## EXERCISE DESCRIPTION
Copy out exactly the stretch below, from the line with "L'astuccio è in" through the line with "כלל חדשות השבוע", both included; the pictures stay out.

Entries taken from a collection
+--

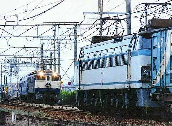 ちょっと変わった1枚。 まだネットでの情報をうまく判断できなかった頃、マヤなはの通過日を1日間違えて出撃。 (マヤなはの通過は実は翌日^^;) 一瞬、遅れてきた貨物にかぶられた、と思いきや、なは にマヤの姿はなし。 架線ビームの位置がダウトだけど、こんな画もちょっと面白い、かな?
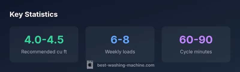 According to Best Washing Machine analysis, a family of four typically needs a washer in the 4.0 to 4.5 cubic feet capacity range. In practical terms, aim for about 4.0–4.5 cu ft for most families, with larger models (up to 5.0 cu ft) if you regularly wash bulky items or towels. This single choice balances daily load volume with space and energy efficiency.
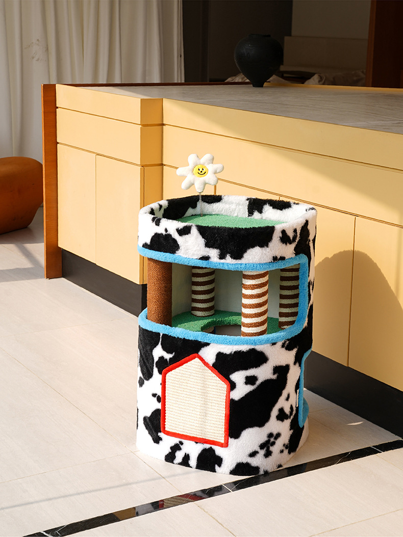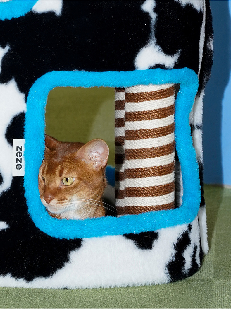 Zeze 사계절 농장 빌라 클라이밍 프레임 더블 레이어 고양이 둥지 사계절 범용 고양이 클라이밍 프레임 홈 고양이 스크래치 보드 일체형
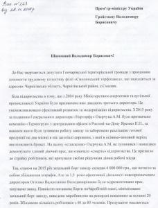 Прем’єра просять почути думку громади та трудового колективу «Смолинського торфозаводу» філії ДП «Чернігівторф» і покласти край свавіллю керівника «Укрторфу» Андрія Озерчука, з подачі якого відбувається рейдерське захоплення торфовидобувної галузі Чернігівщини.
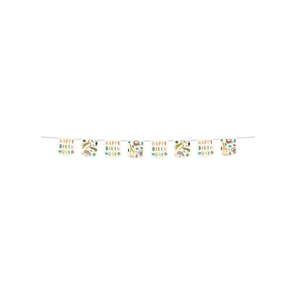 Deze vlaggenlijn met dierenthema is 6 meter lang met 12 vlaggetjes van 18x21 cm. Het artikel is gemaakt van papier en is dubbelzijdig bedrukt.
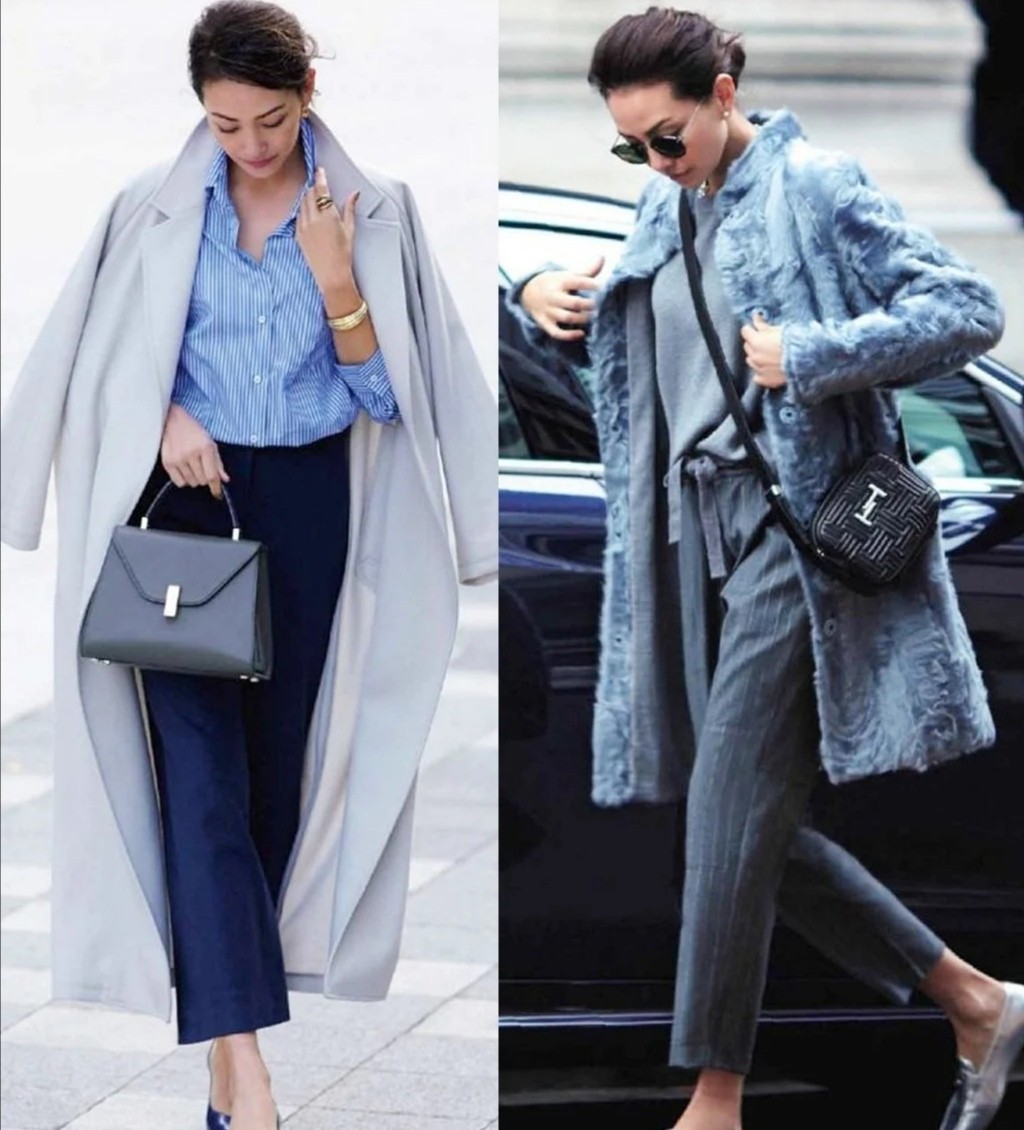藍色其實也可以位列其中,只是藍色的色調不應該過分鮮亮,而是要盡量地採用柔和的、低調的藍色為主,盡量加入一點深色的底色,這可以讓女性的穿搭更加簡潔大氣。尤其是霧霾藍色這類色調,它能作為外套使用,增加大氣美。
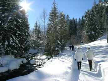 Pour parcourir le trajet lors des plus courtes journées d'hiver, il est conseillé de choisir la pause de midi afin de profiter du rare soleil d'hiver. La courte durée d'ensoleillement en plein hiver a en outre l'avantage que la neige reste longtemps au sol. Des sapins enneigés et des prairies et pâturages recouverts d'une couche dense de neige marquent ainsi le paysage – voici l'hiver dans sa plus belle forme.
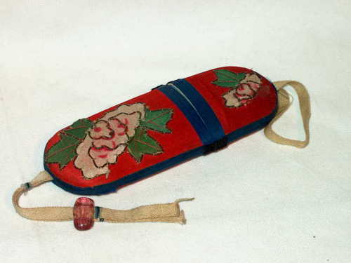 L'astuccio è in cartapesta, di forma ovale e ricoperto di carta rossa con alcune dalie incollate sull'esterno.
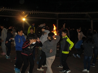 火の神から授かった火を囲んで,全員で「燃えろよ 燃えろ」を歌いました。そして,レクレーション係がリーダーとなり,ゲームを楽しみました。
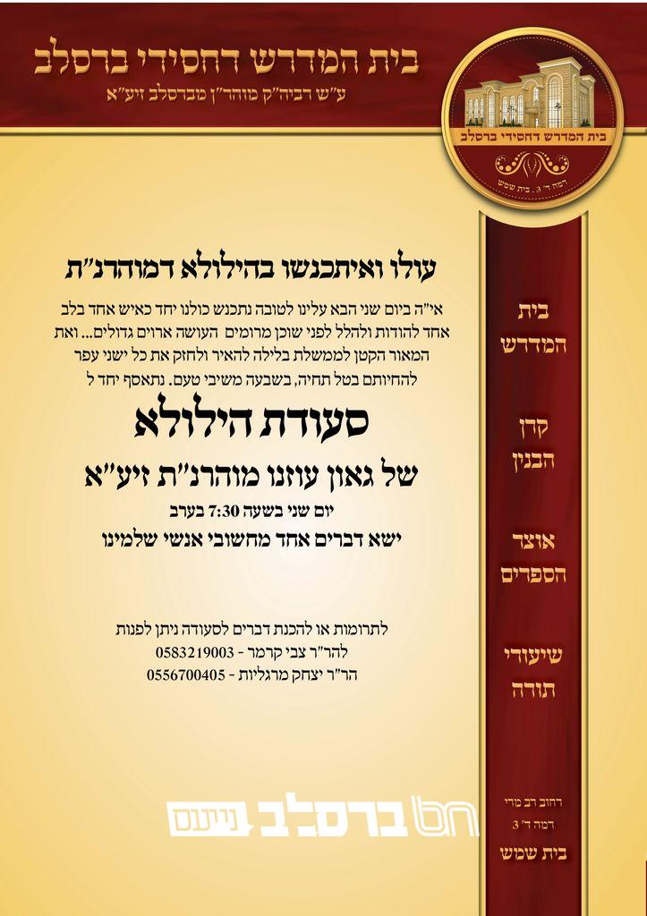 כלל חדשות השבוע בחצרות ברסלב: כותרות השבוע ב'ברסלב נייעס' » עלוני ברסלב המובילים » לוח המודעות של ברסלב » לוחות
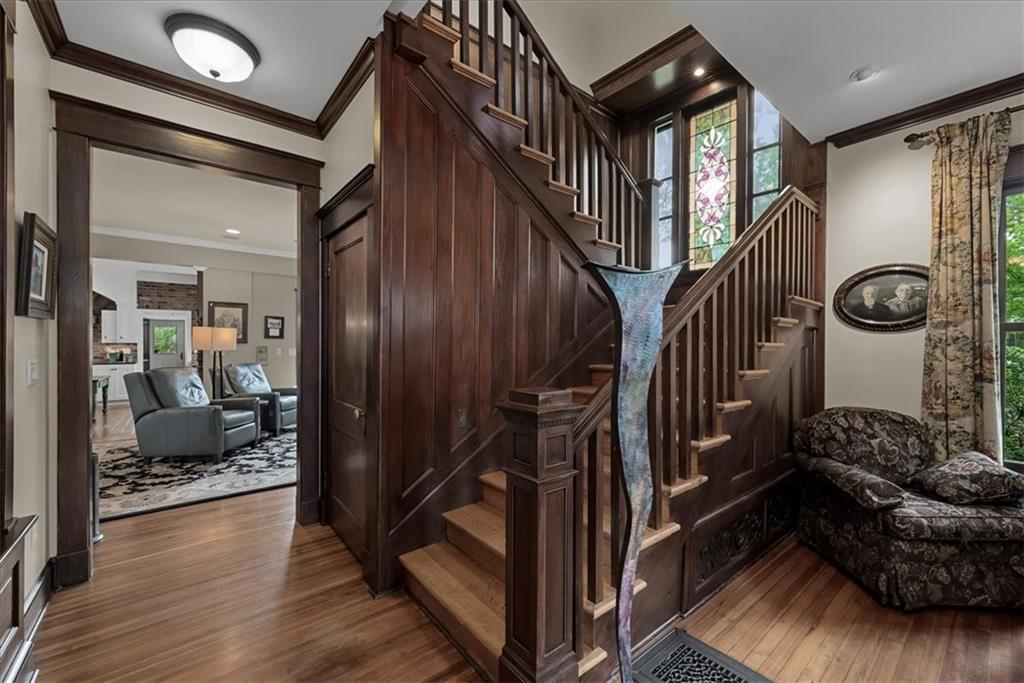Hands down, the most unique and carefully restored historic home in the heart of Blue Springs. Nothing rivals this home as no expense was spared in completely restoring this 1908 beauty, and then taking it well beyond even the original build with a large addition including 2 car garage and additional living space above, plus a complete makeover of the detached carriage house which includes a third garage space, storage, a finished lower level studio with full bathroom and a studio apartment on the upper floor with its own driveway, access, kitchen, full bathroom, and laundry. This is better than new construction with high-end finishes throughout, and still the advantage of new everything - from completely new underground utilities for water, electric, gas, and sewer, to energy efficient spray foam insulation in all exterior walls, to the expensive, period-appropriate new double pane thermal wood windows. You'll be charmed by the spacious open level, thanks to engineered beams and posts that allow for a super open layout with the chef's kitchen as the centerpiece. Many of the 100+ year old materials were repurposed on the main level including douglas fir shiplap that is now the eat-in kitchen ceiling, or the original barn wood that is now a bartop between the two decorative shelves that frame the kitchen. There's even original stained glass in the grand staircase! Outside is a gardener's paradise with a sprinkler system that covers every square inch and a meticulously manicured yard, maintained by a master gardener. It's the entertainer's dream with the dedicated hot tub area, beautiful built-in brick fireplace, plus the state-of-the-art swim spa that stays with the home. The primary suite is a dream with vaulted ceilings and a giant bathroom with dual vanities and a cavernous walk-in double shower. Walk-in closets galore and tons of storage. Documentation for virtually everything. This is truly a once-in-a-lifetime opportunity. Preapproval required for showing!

+--

## ANSWER FOR THIS EXERCISE
 L'astuccio è in cartapesta, di forma ovale e ricoperto di carta rossa con alcune dalie incollate sull'esterno.
 火の神から授かった火を囲んで,全員で「燃えろよ 燃えろ」を歌いました。そして,レクレーション係がリーダーとなり,ゲームを楽しみました。
 כלל חדשות השבוע בחצרות ברסלב: כותרות השבוע ב'ברסלב נייעס' » עלוני ברסלב המובילים » לוח המודעות של ברסלב » לוחות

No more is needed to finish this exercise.